Rule 4(f) “governs service of process on defendants in foreign countries and sets forth three potential methods for service: (1) under the Hague Conventionor other applicable international agreement; (2) in the absence of limitations under an international agreement, as a foreign country's law prescribes or permits or as directed by a foreign authority; or (3) by other means not prohibited by international agreement, as directed by the Court.” Celgene Corp. v. Blanche Ltd., No. 16-00501, 2017 WL 1282200, at *2 (D.N.J. Mar. 10, 2017) (citing Rule 4(f)). “Alternative service is regularly permitted where ‘(a) there is no international agreement prohibiting service by the proposed method; (b) the proposed method of service is reasonably calculated to provide the defendant notice; and (c) [plaintiffs] have made a good faith effort to locate and serve defendants by traditional means.” Vaswani, Inc. v. Manjunathamurthy, No. 20-20288, 2021 WL 1541071, at *1 (D.N.J. Apr. 19, 2021) (quoting Vanderhoef v. China Auto Logistics, Inc., No. 18-10174, 2019 WL 6337908, at *2 (D.N.J. Nov. 26, 2019)).

“The Hague Convention on the Service Abroad of Judicial and Extrajudicial Documents in Civil or Commercial Matters (the ‘Hague Convention') is an international agreement that sets out the means of process for foreign defendants in international civil suits.” Celgene Corp. v. Blanche Ltd., No. 16-00501, 2017 WL 1282200, at *3 n. 2 (D.N.J. Mar. 10, 2017).

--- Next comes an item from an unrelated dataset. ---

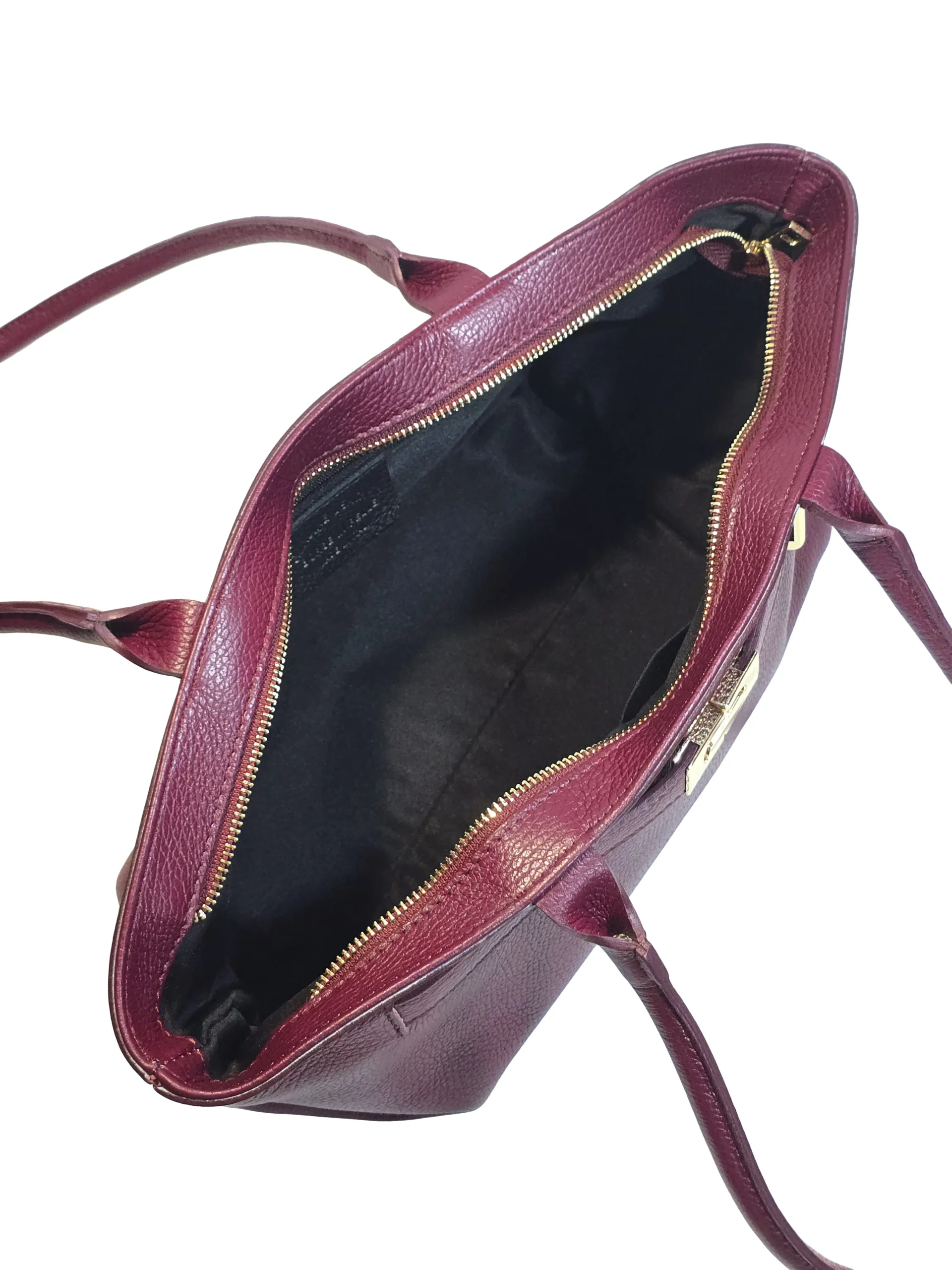Алерия – италианска дамска чанта от естествена кожа с горен цип и двойни презрамки

The Hague Convention is “the exclusive method of effecting service between signatories to the convention[.]” Vaswani, 2021 WL 1541071, at *3 (quoting Midmark Corp. v. Janak Healthcare Private Ltd., No. 14-00088, 2014 WL 1764704, at *1 (S.D. Ohio May 1, 2014)). Courts in this district have reasoned that “if a foreign country has agreed upon means of service in accordance with the Hague Convention, then any other means of service employed by a plaintiff would constitute [ ]means prohibited by international agreement[ ].” Sec. & Exch. Comm'n v. Dubovoy, No. 15-06076, 2016 WL 7217607, at *2 (D.N.J. Dec. 13, 2016) (quoting Adv. Aerofoil Techs., AG v. Todaro, No. 11-09505, 2012 WL 299959, at *2 (S.D.N.Y. Jan. 31, 2012)). Conversely, “when there are no internationally agreed means of service, ” alternative service under Rule 4(f)(3) “may be permissible[.]” Id.

China is a signatory to the Hague Convention. “Pursuant to the Convention, service can be effected in China through the Chinese Central Authority.” In re LDK Solar Sec. Litig., No. 07-05182, 2008 WL 2415186, at *1, *3 (N.D. Cal. June 12, 2008). However, “China is one of many signatories to the Hague Convention that has expressly objected to the service provisions in Article 10, including service through postal mail.” Prem Sales, LLC v. Guangdong Chigo Heating & Ventilation Equip. Co., Ltd., 494 F.Supp.3d 404, 413 (N.D. Tx. 2020). Consequently, service “cannot be effected ‘by postal channels' or through the judicial officers, officials or other individuals of the state of destination[, ]” here, China. In re LDK Solar Sec. Litig., 2008 WL 2415186, at *1. But again, service can be effected through the Chinese Central Authority, though this approach could prove “time-consuming, costly, and potentially fruitless.” Id. The Convention “shall not apply where the address of the person to be served with the document is not known.” See Hague Convention, art. 1; see also Celgene Corp., 2017 WL 1282200, at *3.

See https://www.hcch.net/en/states/hcch-members (last visited July 28, 2021).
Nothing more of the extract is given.